Later on backstage, everyone's enjoying a good laugh over the tots' brush with fame. Grohl is shoving slices of deli-tray meat into football players' lockers, while Novoselic politely chats with two fans, explaining why he doesn't want to give autographs. It's about as far from a star-studded, trendy backstage scene as you can get, and that's part of the beauty of Nirvana. It made it the old-fashioned way-with virtually no record-company hype, through word-of-mouth street talk, on its own.

"I've never seen anything like it," says Mark Kates, Geffen's director of alternative music. 

"It was an amazing thing, unbelievable to be part of. No one even anticipated what happened." He thinks a moment, and then rephrases: 

"Anyone who thought that a thing like this could even happen was full of shit."

"It's great," enthuses L7's Jennifer Finch. "It's about time we can walk into a 7-Eleven and hear something cool. It's about time we don't have to listen to crap on the radio anymore. And we're happy for their success because now Nirvana has made it possible for bands like us to have constant bags under our eyes from all the hectic touring.
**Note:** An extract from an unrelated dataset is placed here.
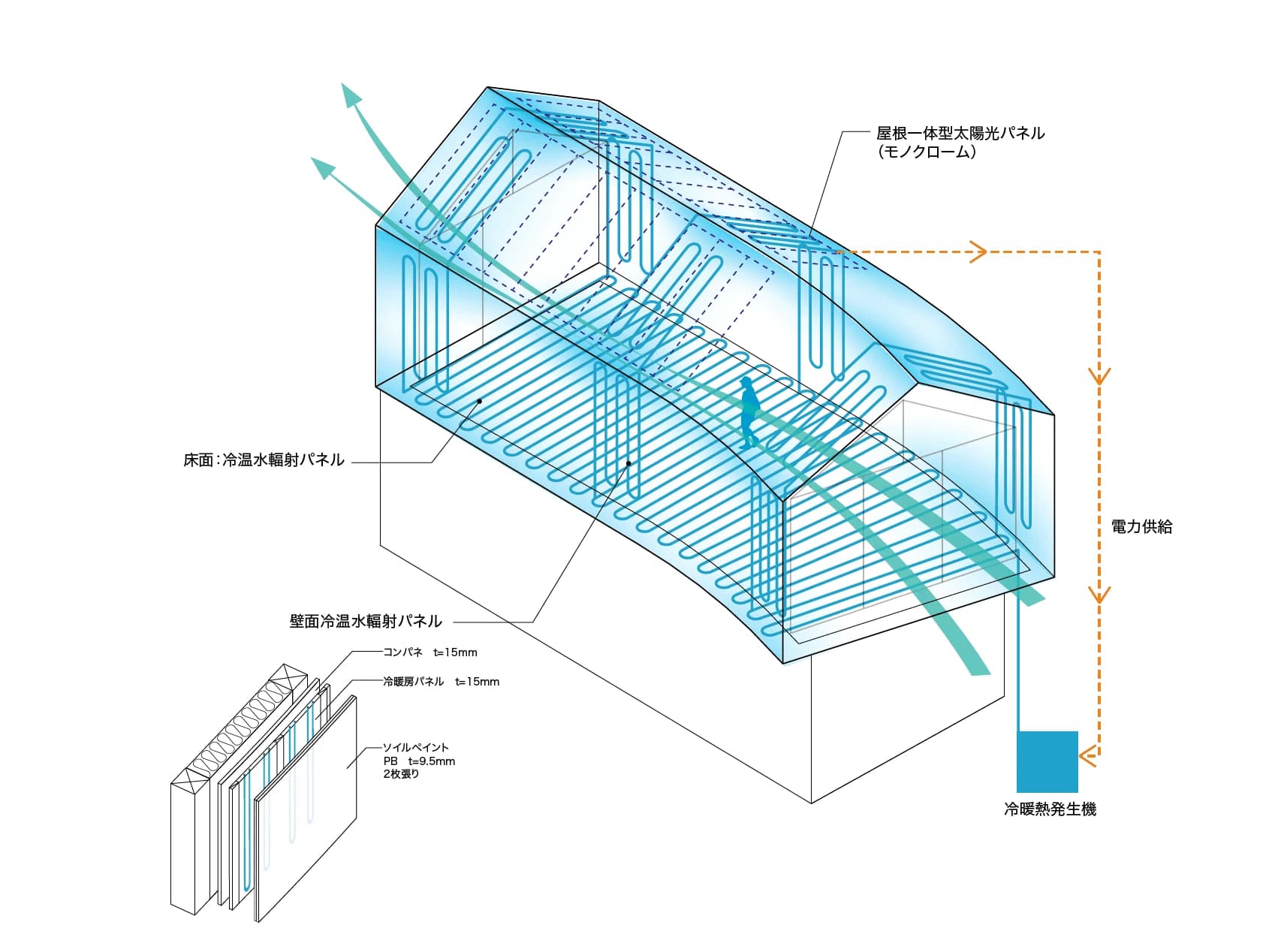 2階部分は、敷地に沿って曲がった形の設計になっています。断面で見ると、建物が海の方に向かっていくようなイメージですね。まるで風を迎えに行くようなトンネル状の空間にすることで、より自然な風の流れを取り込めるのでは、と考えました。 より詳しく解析してみると、建物が曲がっていることで風の流れが良くなり、体感温度も下がることが分かりました。2階を風が通り抜ける際には、地下からの冷たい空気を吸い上げるような効果も生まれます。 屋根についても、建物に合わせた曲線的な仕上げを、いかに一体的に見せるかが重要なポイントになりました。モノクロームさんと何度も協議を重ねる中で、最終的に屋根の一部に屋根一体型の発電設備を組み込むことにしました。その結果、パネルが目立つことなく、自然な景観を実現することができたんです。
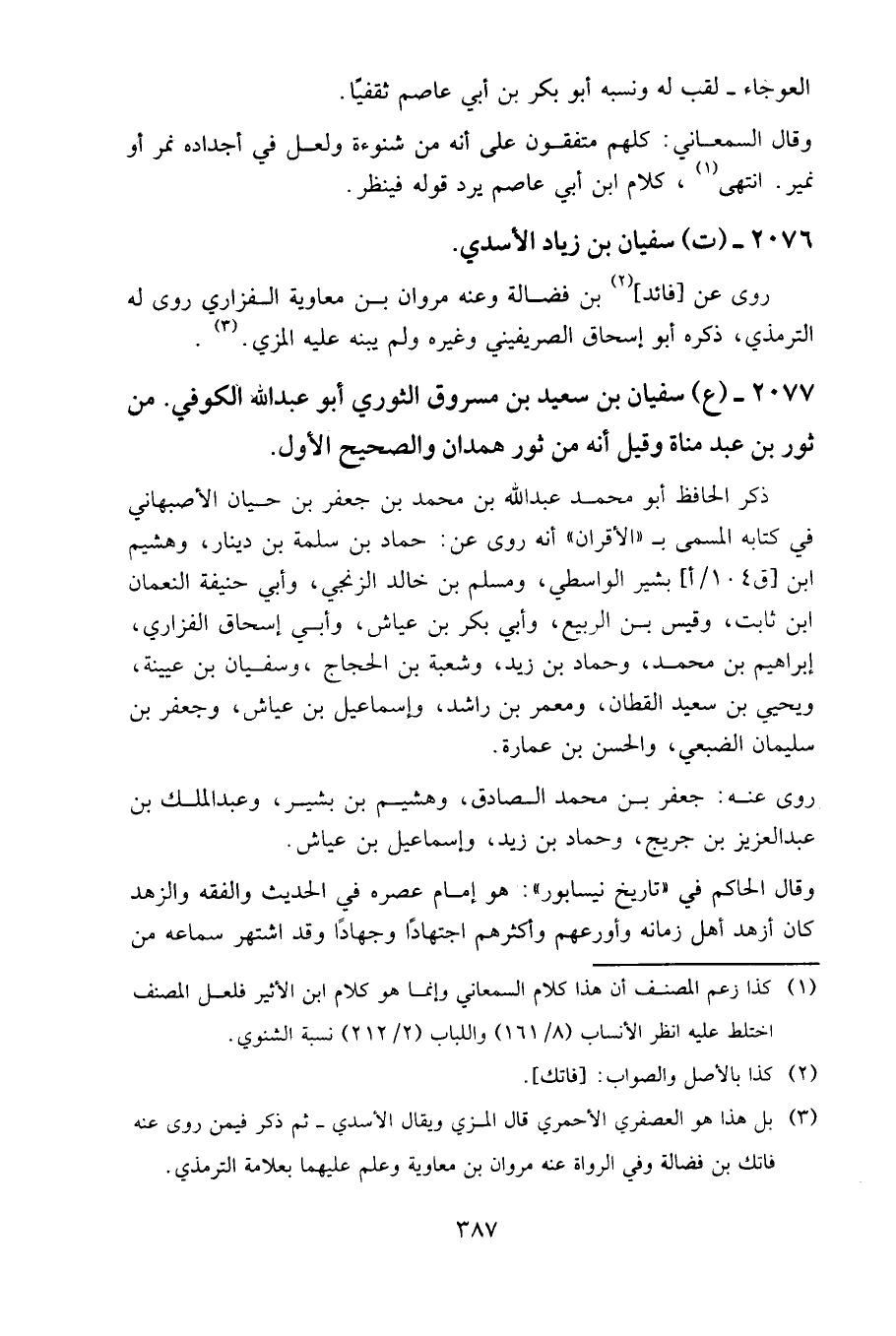 ٢٠٧٧ - (ع) سفيان بن سعيد بن مسروق الثوري أبو عبد الله الكوفي. من ثور بن عبد مناة وقيل إنه من ثور همدان والصحيح الأول.

We love them for that."

"I went home, went to bed, and suddenly they were No. 1," says Rodney Bingenheimer, a DJ at KROQ in Los Angeles and an early Nirvana supporter. "Now, all the bands that were hairdo metal bands have Maynard G. Krebs goatees, flat hair, and flannel shirts, all because of Nirvana."
As with all situations of an underground band or artist coming up with an across-the-board crowd-pleaser, a backlash seems inevitable. Hip kids are already dissing the entire grunge scene, snickering about sellouts. Record companies are in a feeding frenzy for the next Nirvana. The pressure is on.
"Everything happened so quickly," says Grohl. "I don't think anyone knows what's gonna happen next."

"Everytime somebody says the word 'Seattle,' you have to say 'Nirvana.' People are sick of us," sighs Novoselic. "More people probably hate us in Seattle than anywhere else in the country."
Through Novoselic still tools around Seattle in his battered Volkswagen van, and the band still practices in a weathered, unfinished warehouse space where, until recently, squatters were hydroponically growing marijuana in the basement, Nirvana can feel its own fame breathing down its neck. Though Grohl still dresses like an outdoorsy ragamuffin-hunting caps and saggy-assed long johns-he admits to giving Madonna prank calls from Europe. Now, that's budding rock star decadence at its finest.

"It's not that great being on MTV 20 times a day," Cobain says, not in a bratty way, but earnestly, "It's great for record sales, but I wish there was some kind of contract you could draw up where there was only a certain amount of time they could play you in a week."

"And when people write about you, everything gets screwed up," Novoselic says.

"I don't believe anything that's written about anyone anymore," Grohl adds. "You just have to read it and form your own perspective."

"It's amazing the shit people can get away with," Cobain says. "I don't understand. If I had known about all this crap, I would've thought twice about putting myself in the public eye so much. I had no idea people could abuse you so much.

"I don't even care about the band as much as I used to. I know that sounds shitty, but the band used to be the only thing that was important to me in my life, and now, I have a wife and a child. I still love the band, but it isn't the only thing I'm living for."

But the fact remains that for millions of people, Nirvana's music is something that makes a difference, something that takes them higher. Realizing their position, do the guys still manage to have fun?

"Yes!" the trio emphatically exclaims, without even a second thought.